Егор схватил ведро, вылил из него остатки степлившейся воды и бросился к колодцу; возвратившись бегом, подал матери, от волнения расплескивая чистую холодную воду из солдатской кружки, и Ефросинья осторожно стала пить сводящую зубы воду небольшими глотками, словно горячий чай, выпила половину, оторвалась и посмотрела на Егора. Она давно думала о Николае и свекрови, но спросить не решалась, удерживал застарелый, больной страх, и она, после бесконечной дороги, бессознательно стремилась продлить время блаженного отдыха; увидев перед собой Николая, затем узкое, истовое лицо свекрови, она уже окончательно не смогла подняться с места; ноги отекли и болели, и она осталась сидеть, протягивая руки к Николаю, и тот, медленно подойдя к ней, смущенно нагнулся, и когда она поцеловала его, ощупывая худее мальчишеские плечи задрожавшими пальцами, он неловко отодвинулся от нее и отвернулся, хмуро уставясь в землю. Бабка Авдотья подтолкнула его в плечо, ругнула беззлобно, говоря, что от родной матери нечего отворачиваться, нечего стыдиться, и тут же сама села рядом с Ефросиньей, поцеловала невестку трижды и решила от неожиданной радости как следует поголосить; у ребят нашлась мать, и не надо ей, старой, теперь бояться смерти, без глаза не останутся.
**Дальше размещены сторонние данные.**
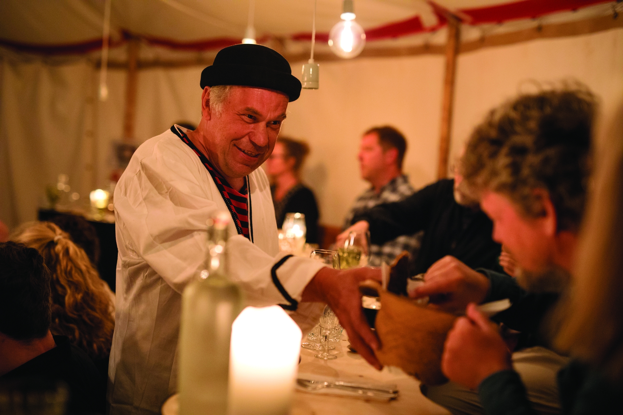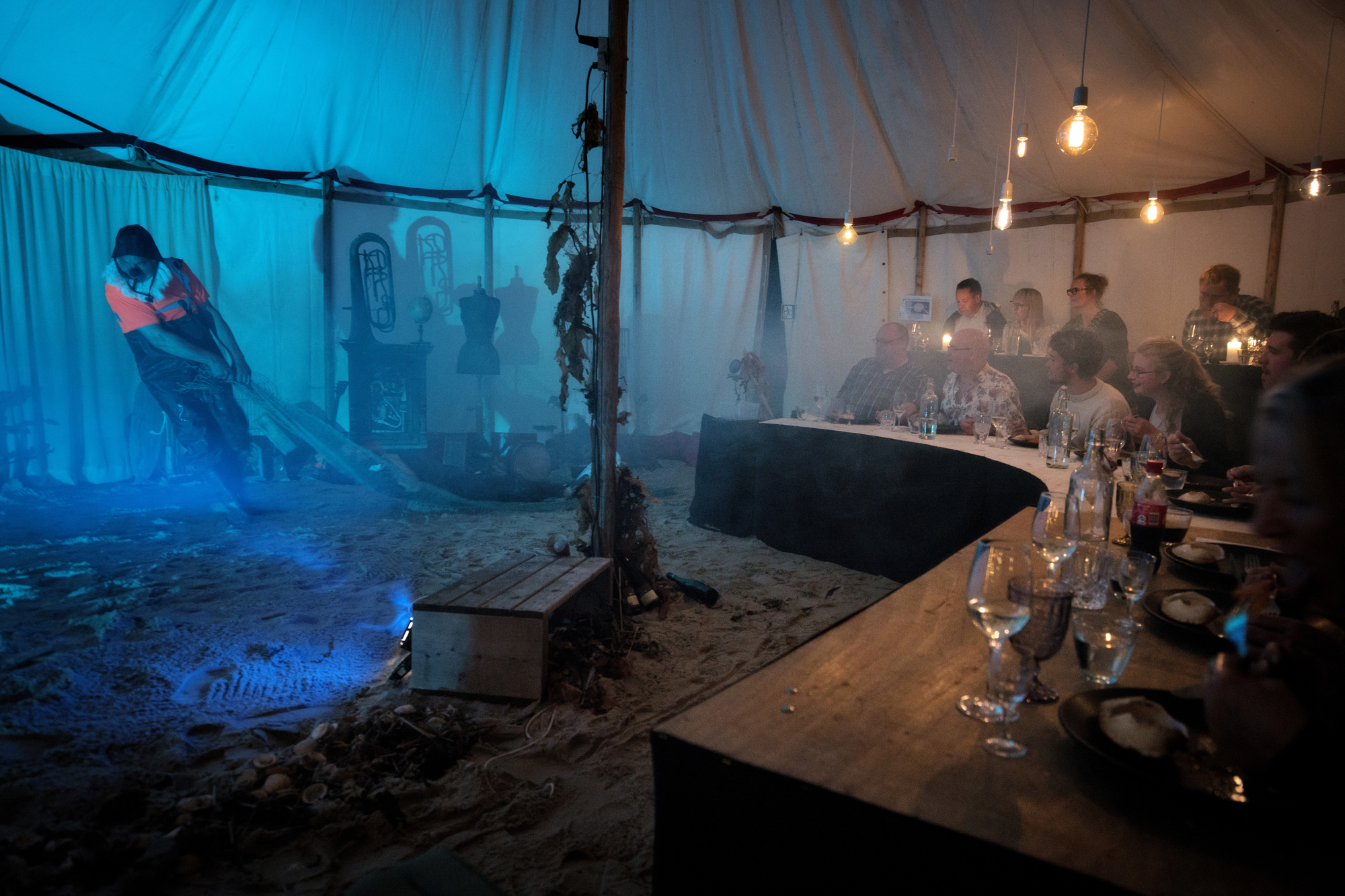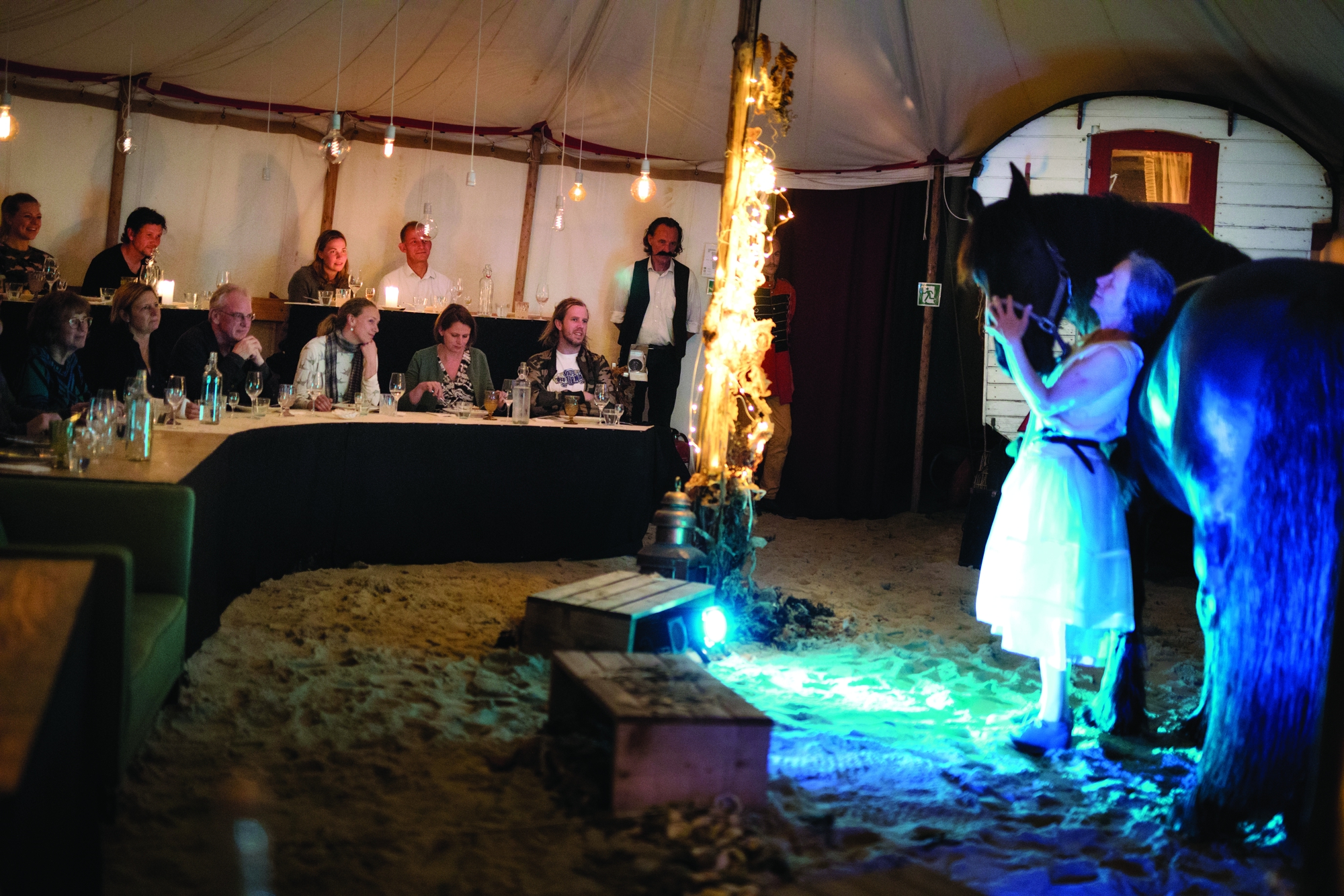 Det lille cirkustelt er fra 1900-tallet. Teltet er denne aften rejst i et studie på Den Europæiske Filmhøjskole i Ebeltoft, hvor 42 publikummer – eller gæster – er placeret ved fint opdækkede borde, der slynger sig langs kanten af manegen med ti tons sand. Sammen med den gamle cirkusvogn, mystiske rekvisitter og lyset fra glødepærer giver det en helt særlig stemning, som ikke bliver mindre speciel, når show og servering går i gang. Når gamle gøglere, cirkusmusikanter, klovne og cirkusprinsessen med sin hest kaster sig ud i fortællinger, artisterier og serveringer, der på en gang går op i en højere enhed. Bl.a med lys projekteret på teltdugen og 7 retter uden menukort, ypperligt tilberedt og anrettet.

— Да ты поешь, поешь, — говорила она торопливо, то и дело меняясь от разноречивых чувств лицом. — Сейчас я только отдышусь, сварю чего-нибудь... Егорка, а ну давай дров посуше разживись, мы сейчас на улице и запалим. Ты пока подюбай, подюбай хлебушка, помягче пожуй... Ох, господи, знать, дошла до тебя молитва моя сиротинская!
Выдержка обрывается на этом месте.